* _Instructions to follow_:
Every line of the material is to be returned verbatim. Pictures stay out.

* _Exercise data_:
——
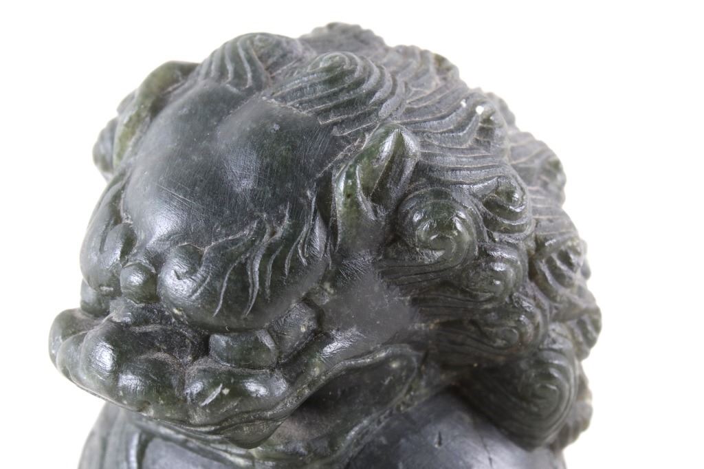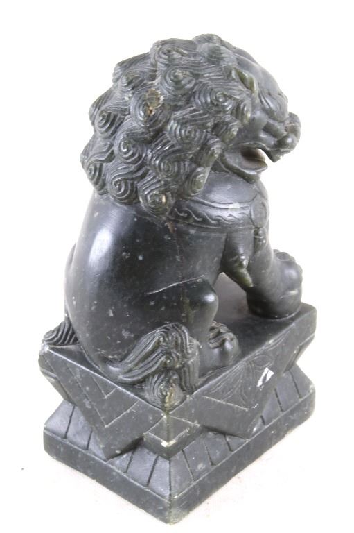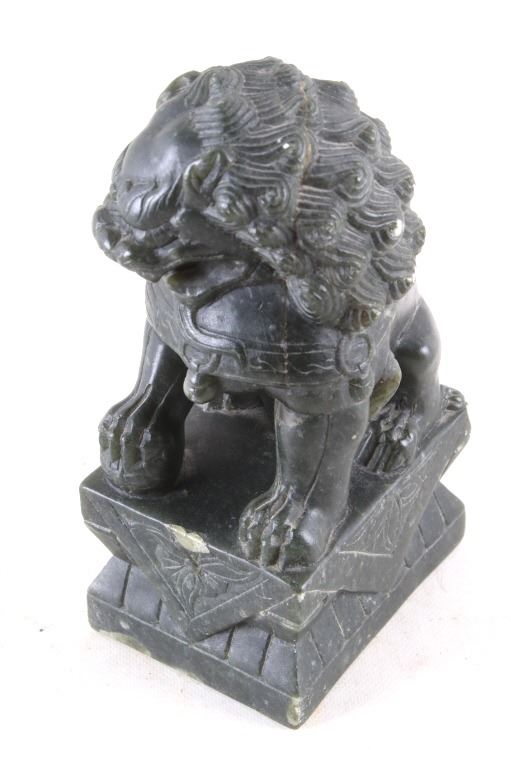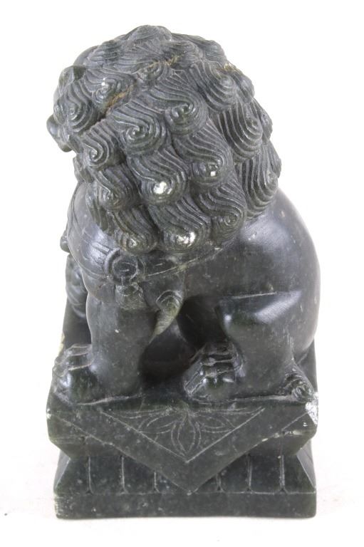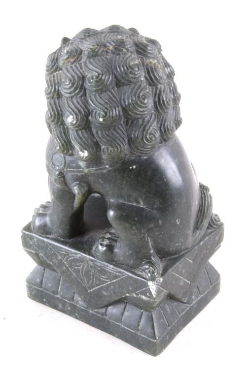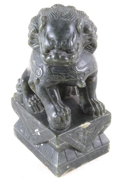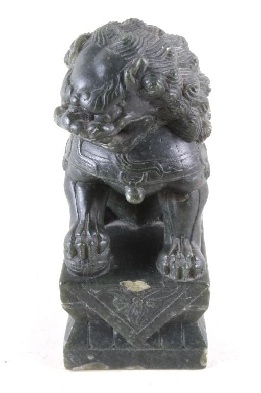 For your consideration is this mid century hand carved Jadeite Foo Dog, Fu dog, or Lion Dog statue. The Foo Dog is a deep forest green Jadeite construction; with wonderful craftsmanship with good attention to detail. The Fu Dog or Chinese guardian lions are a traditional Chinese architectural ornament traditionally used in tombs and Imperial Palaces. The Foo Dog is in good condition and would display well. The measurements of this Foo Dog are 6" x 2 1/2" x 3 1/4".
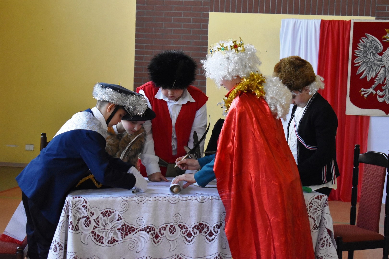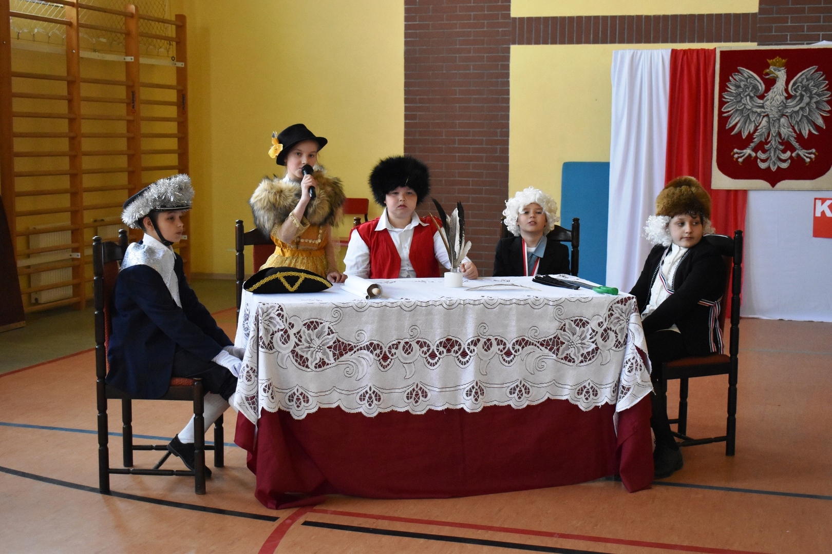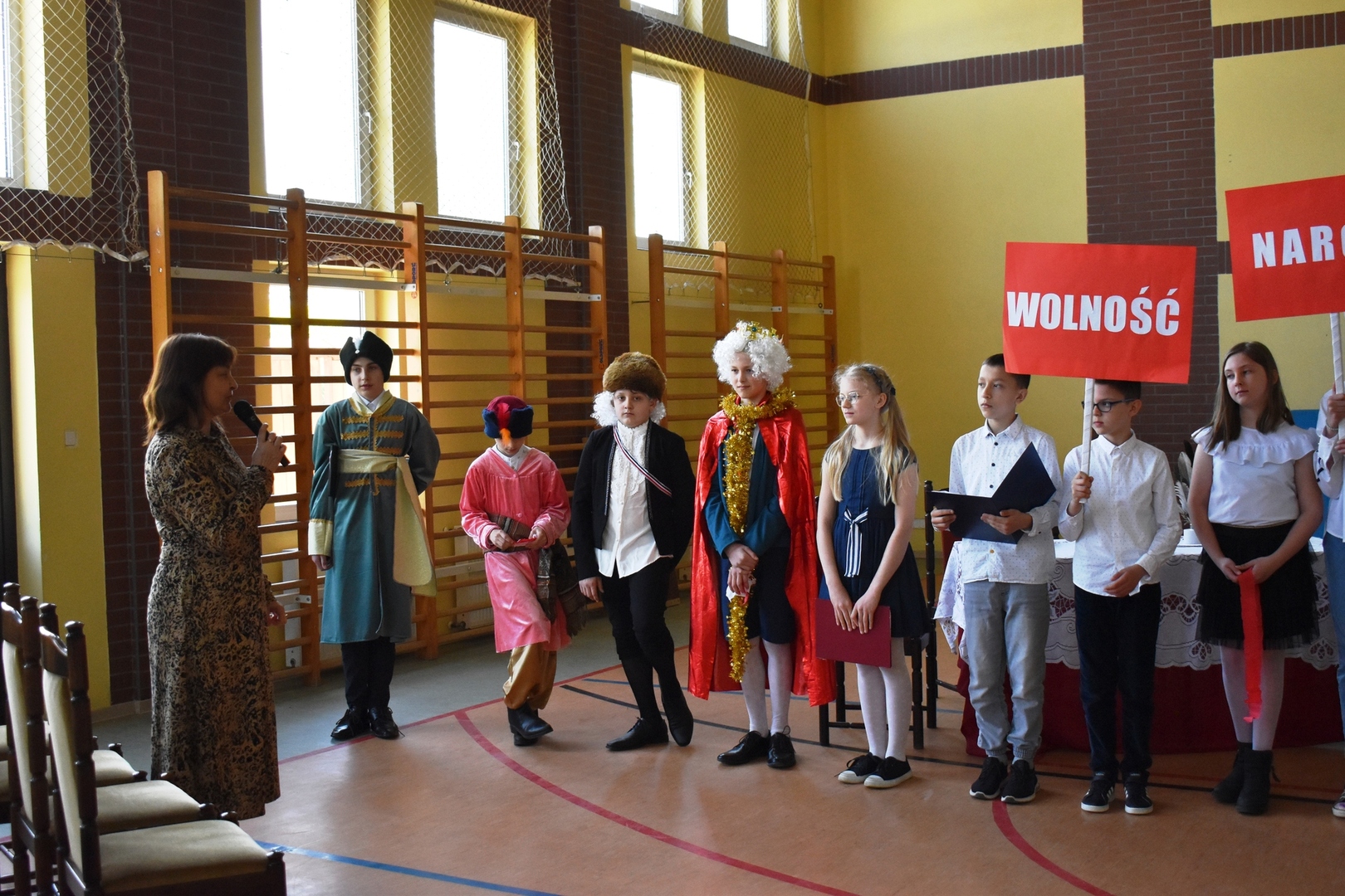 Uczniowie naszej szkoły uczcili Święto Trzeciego Maja. Jest to dzień, w którym w 1971 roku przyjęto pierwszą w Europie i drugą na świecie konstytucję, której celem było ratowanie kraju po I rozbiorze. W rocznicę jej uchwalenia uczniowie uczestniczący w apelu, przypomnieli społeczności szkolnej to niezmiernie ważne wydarzenie w historii naszego kraju. Dzięki nim przenieśliśmy się na obrady Sejmu Wielkiego, które przybliżyły ówczesną sytuację polityczno-społeczną naszego kraju. Nie zabrakło też odniesień do współczesności. Apel zakończył się wspólnym śpiewem.
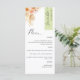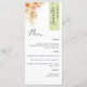 ¿Por qué gastar en las tarjetas de lugar y de menú cuando se puede tener un elegante menú todo en uno personalizado con cada nombre de invitado? Diseño contemporáneo, sencillo y elegante con exquisitos detalles de acuarela floral en una hermosa mezcla de melocotón, naranja, color rubor, rosa polvoriento, crema y champán. Elementos modernos de caligrafía escrita a mano. Stripe en la esquina superior derecha en tono verde con el nombre del invitado en negro. De vuelta en el mismo verde que la franja. Capacidad de cambiar el color de la banda o de vuelta seleccionando "personalizar más adelante". NOTA: por favor, un pedido individual para cada menú agregando el nombre del cliente en el menú, agregando el menú en el carrito de la compra; luego regresa al menú, agrega el segundo nombre del invitado, agrega el menú al carrito de la compra...continúe con este proceso con todos los nombres de invitados en la lista. Zazzle no recibe listas de nombres de invitados para imprimir. Para los primeros nombres breves añada con la barra espaciadora del teclado algunos "espacios" vacíos antes de un nombre a otro. Diseño disponible en una variedad de opciones de color. Parte de nuestra colección "Peach Floral Delight and Green" con una variedad de productos de coordinación disponibles. Visita toda la colección en: https://www.zazzle.com/collections/peach_floral_delight_and_green-119552409662994360
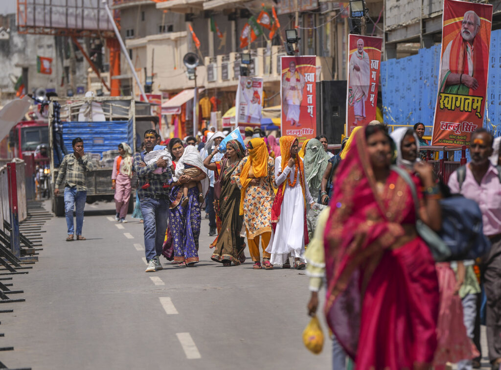 Ayodhya: People walk past banners of Prime Minister Narendra Modi on a hot summer day ahead of his roadshow for the Lok Sabha elections, in Ayodhya, Sunday, May 5, 2024. (PTI Photo/Arun Sharma)
——
* _The completed task_:
 For your consideration is this mid century hand carved Jadeite Foo Dog, Fu dog, or Lion Dog statue. The Foo Dog is a deep forest green Jadeite construction; with wonderful craftsmanship with good attention to detail. The Fu Dog or Chinese guardian lions are a traditional Chinese architectural ornament traditionally used in tombs and Imperial Palaces. The Foo Dog is in good condition and would display well. The measurements of this Foo Dog are 6" x 2 1/2" x 3 1/4".
 Uczniowie naszej szkoły uczcili Święto Trzeciego Maja. Jest to dzień, w którym w 1971 roku przyjęto pierwszą w Europie i drugą na świecie konstytucję, której celem było ratowanie kraju po I rozbiorze. W rocznicę jej uchwalenia uczniowie uczestniczący w apelu, przypomnieli społeczności szkolnej to niezmiernie ważne wydarzenie w historii naszego kraju. Dzięki nim przenieśliśmy się na obrady Sejmu Wielkiego, które przybliżyły ówczesną sytuację polityczno-społeczną naszego kraju. Nie zabrakło też odniesień do współczesności. Apel zakończył się wspólnym śpiewem.
 ¿Por qué gastar en las tarjetas de lugar y de menú cuando se puede tener un elegante menú todo en uno personalizado con cada nombre de invitado? Diseño contemporáneo, sencillo y elegante con exquisitos detalles de acuarela floral en una hermosa mezcla de melocotón, naranja, color rubor, rosa polvoriento, crema y champán. Elementos modernos de caligrafía escrita a mano. Stripe en la esquina superior derecha en tono verde con el nombre del invitado en negro. De vuelta en el mismo verde que la franja. Capacidad de cambiar el color de la banda o de vuelta seleccionando "personalizar más adelante". NOTA: por favor, un pedido individual para cada menú agregando el nombre del cliente en el menú, agregando el menú en el carrito de la compra; luego regresa al menú, agrega el segundo nombre del invitado, agrega el menú al carrito de la compra...continúe con este proceso con todos los nombres de invitados en la lista. Zazzle no recibe listas de nombres de invitados para imprimir. Para los primeros nombres breves añada con la barra espaciadora del teclado algunos "espacios" vacíos antes de un nombre a otro. Diseño disponible en una variedad de opciones de color. Parte de nuestra colección "Peach Floral Delight and Green" con una variedad de productos de coordinación disponibles. Visita toda la colección en: https://www.zazzle.com/collections/peach_floral_delight_and_green-119552409662994360
 Ayodhya: People walk past banners of Prime Minister Narendra Modi on a hot summer day ahead of his roadshow for the Lok Sabha elections, in Ayodhya, Sunday, May 5, 2024. (PTI Photo/Arun Sharma)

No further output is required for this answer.